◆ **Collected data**
####

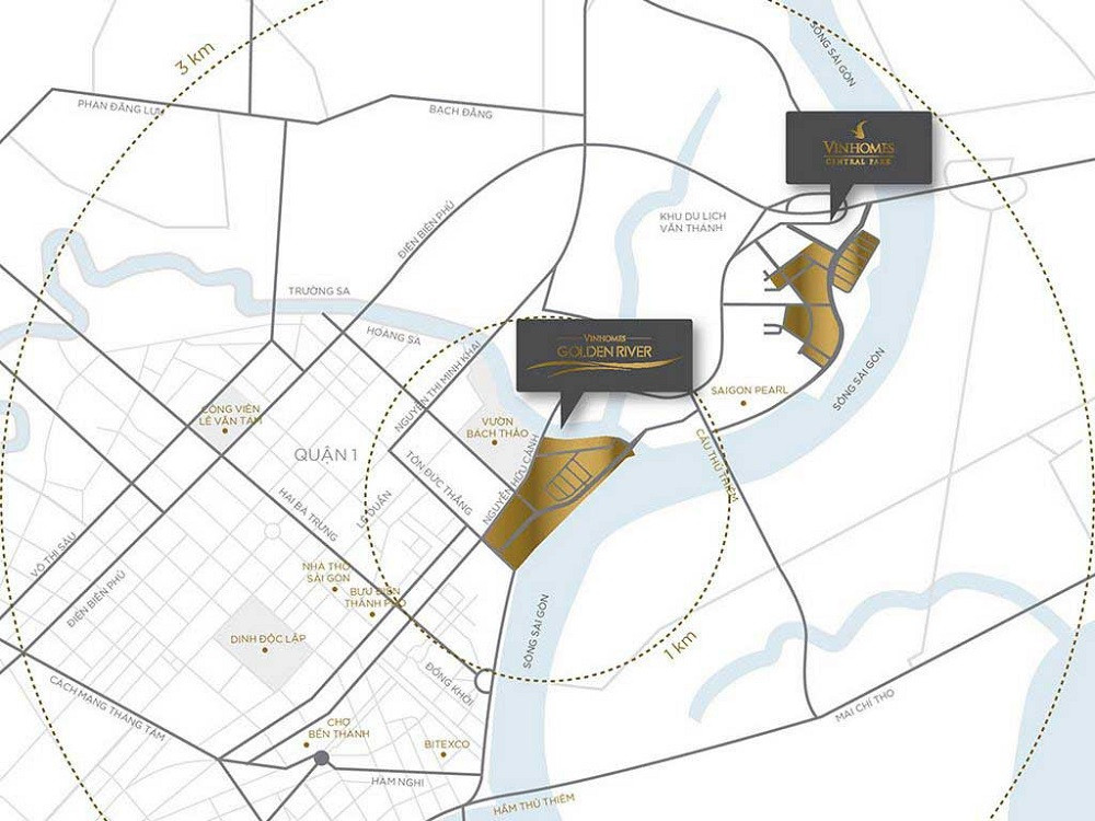 Vinhomes Golden River nằm tại vị trí chiến lược, dễ dàng kết nối với các tuyến đường chính của quận 1 và các quận lân cận. Điều này giúp cư dân thuận tiện di chuyển đến các khu vực trọng điểm trong thành phố.
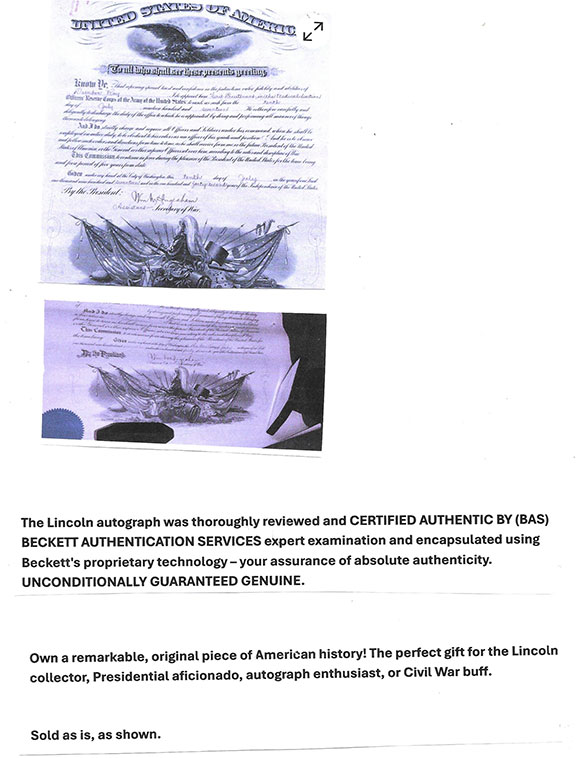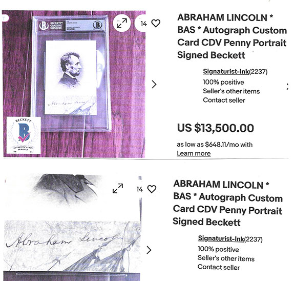Not surprisingly, the seller has found a company who claims to authenticate autographs to give this Lincoln signature their blessing.
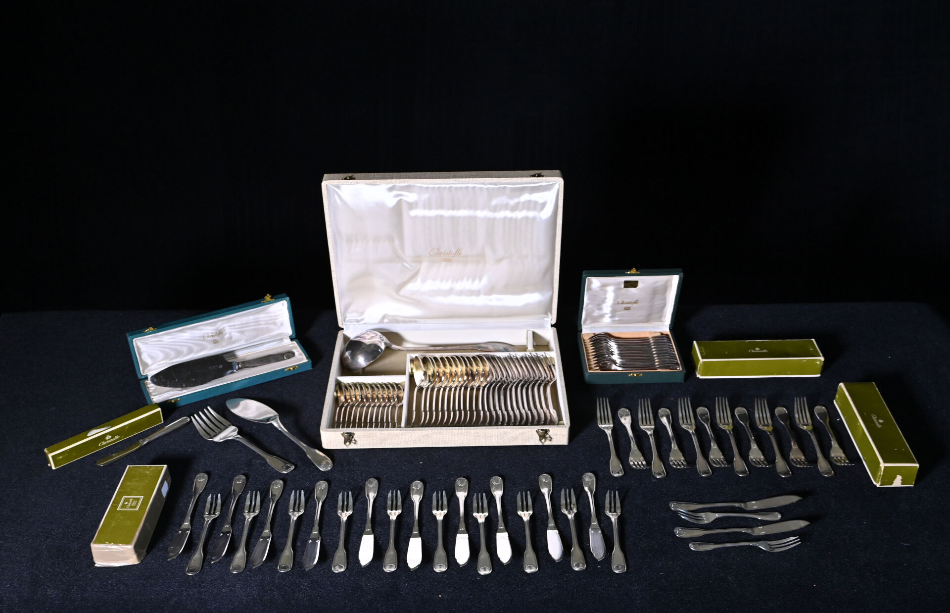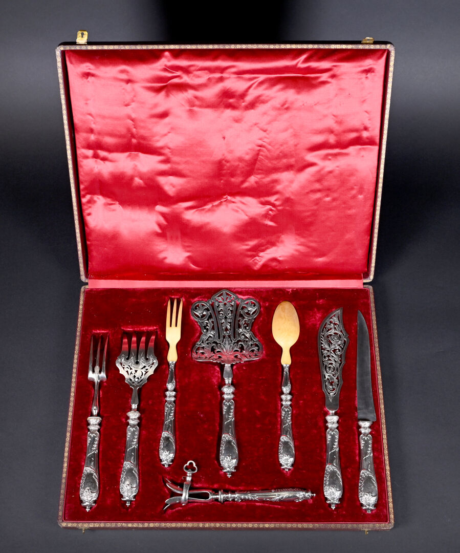 NOS LOTS EN VENTE AUX ENCHÈRES Lot n° 140 CHRISTOFLE. Partie de ménagère en métal argenté modèle… Estimation : 300 / 400 € Lot n° 139 Trois plats en métal argenté dont un gravé… Estimation : 10 / 20 € Lot n° 138 Paire de bougeoirs en bronze argenté à décor… Estimation : 40 / 60 € Lot n° 137 Dans son coffret d’époque XIX siècle, un ensemble… Estimation : 80 / 120 € Lot n° 136 PARIS, troisième quart du XIXe siècle. Théière en… Estimation : 280 / 320 € Lot n° 135 Jardinière de table à décor de rocailles en… Estimation : 60 / 100 € Lot n° 134 Suite de 12 couteaux à fruits à lames… Estimation : 200 / 300 € Lot n° 133 Partie de ménagère en métal argenté soit 12… Estimation : 50 / 100 € Lot n° 132 CHRISTOFLE. Plateau en métal argenté ciselé, la bordure… Estimation : 60 / 100 € Page1 Page2 Page3 Page4 Page5
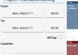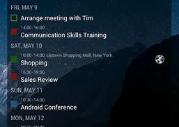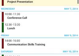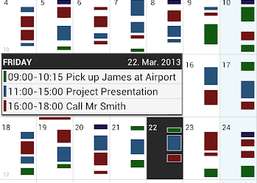 Business Calendar es una aplicación de calendario completa que se sincroniza con sus calendarios de Google. * Vista de varios días con desplazamiento suave y zoom (de 1 a 14 días) * Presentación gráfica y textual * Vista de mes, agenda, día y evento * Aparece rápidamente / calendarios usando la barra de favoritos * función de búsqueda * widgets configurables en diferentes tamaños para vista de mes, semana, agenda y día * cambio fácil entre las barras de la línea de tiempo y los títulos de eventos en la vista de mes * nueva opción de manejo intuitiva: simplemente mueva el dedo durante algunos días de interés en la vista de mes para abrirlos en la vista de varios días * descripción general rápida del día al agregar un nuevo evento * muchas opciones para eventos recurrentes (por ejemplo, para agregar un evento recurrente que tiene lugar cada dos semanas los martes y jueves) * sensible al contexto sistema de ayuda para optimizar su trabajo con Business Calendar Esta es la versión gratuita de Business Calendar, contiene anuncios (no intrusivos) en algunas vistas, ¡pero es completamente funcional! Aun así, la versión de pago sin publicidad ofrece algunas características adicionales: * dragandamp; modo de caída en la vista de varios días para mover y copiar eventos * opción para vincular un contacto a un evento * tamaños de fuente configurables para la aplicación y los widgets * Opción para seleccionar calendarios individuales para cada widget * Recordatorios propios del calendario comercial ¡No mueva la aplicación a la tarjeta SD si desea utilizar los widgets (limitación general del sistema operativo Android)! La aplicación depende de los recordatorios de la aplicación de calendario estándar asegúrese de no haberlos desactivado si desea recibir mensajes de alarma para sus eventos (la versión paga también incluye recordatorios del propio calendario comercial) Cambios recientes: - cambios de compatibilidad para Android 4.0 (Ice Cream Sandwich) - algunos cambios más y errores Calificación de contenido: Todos
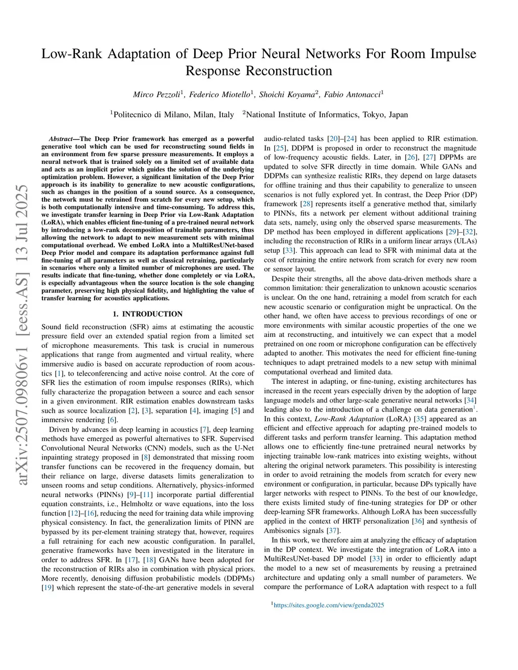 Low-Rank Adaptation of Deep Prior Neural Networks For Room Impulse Response Reconstruction

####

◆ **Work task**
Return all of the records above exactly as written. Omit each picture.

◆ **Completed task**
 Vinhomes Golden River nằm tại vị trí chiến lược, dễ dàng kết nối với các tuyến đường chính của quận 1 và các quận lân cận. Điều này giúp cư dân thuận tiện di chuyển đến các khu vực trọng điểm trong thành phố.
Not surprisingly, the seller has found a company who claims to authenticate autographs to give this Lincoln signature their blessing.
 NOS LOTS EN VENTE AUX ENCHÈRES Lot n° 140 CHRISTOFLE. Partie de ménagère en métal argenté modèle… Estimation : 300 / 400 € Lot n° 139 Trois plats en métal argenté dont un gravé… Estimation : 10 / 20 € Lot n° 138 Paire de bougeoirs en bronze argenté à décor… Estimation : 40 / 60 € Lot n° 137 Dans son coffret d’époque XIX siècle, un ensemble… Estimation : 80 / 120 € Lot n° 136 PARIS, troisième quart du XIXe siècle. Théière en… Estimation : 280 / 320 € Lot n° 135 Jardinière de table à décor de rocailles en… Estimation : 60 / 100 € Lot n° 134 Suite de 12 couteaux à fruits à lames… Estimation : 200 / 300 € Lot n° 133 Partie de ménagère en métal argenté soit 12… Estimation : 50 / 100 € Lot n° 132 CHRISTOFLE. Plateau en métal argenté ciselé, la bordure… Estimation : 60 / 100 € Page1 Page2 Page3 Page4 Page5
 Business Calendar es una aplicación de calendario completa que se sincroniza con sus calendarios de Google. * Vista de varios días con desplazamiento suave y zoom (de 1 a 14 días) * Presentación gráfica y textual * Vista de mes, agenda, día y evento * Aparece rápidamente / calendarios usando la barra de favoritos * función de búsqueda * widgets configurables en diferentes tamaños para vista de mes, semana, agenda y día * cambio fácil entre las barras de la línea de tiempo y los títulos de eventos en la vista de mes * nueva opción de manejo intuitiva: simplemente mueva el dedo durante algunos días de interés en la vista de mes para abrirlos en la vista de varios días * descripción general rápida del día al agregar un nuevo evento * muchas opciones para eventos recurrentes (por ejemplo, para agregar un evento recurrente que tiene lugar cada dos semanas los martes y jueves) * sensible al contexto sistema de ayuda para optimizar su trabajo con Business Calendar Esta es la versión gratuita de Business Calendar, contiene anuncios (no intrusivos) en algunas vistas, ¡pero es completamente funcional! Aun así, la versión de pago sin publicidad ofrece algunas características adicionales: * dragandamp; modo de caída en la vista de varios días para mover y copiar eventos * opción para vincular un contacto a un evento * tamaños de fuente configurables para la aplicación y los widgets * Opción para seleccionar calendarios individuales para cada widget * Recordatorios propios del calendario comercial ¡No mueva la aplicación a la tarjeta SD si desea utilizar los widgets (limitación general del sistema operativo Android)! La aplicación depende de los recordatorios de la aplicación de calendario estándar asegúrese de no haberlos desactivado si desea recibir mensajes de alarma para sus eventos (la versión paga también incluye recordatorios del propio calendario comercial) Cambios recientes: - cambios de compatibilidad para Android 4.0 (Ice Cream Sandwich) - algunos cambios más y errores Calificación de contenido: Todos
 Low-Rank Adaptation of Deep Prior Neural Networks For Room Impulse Response Reconstruction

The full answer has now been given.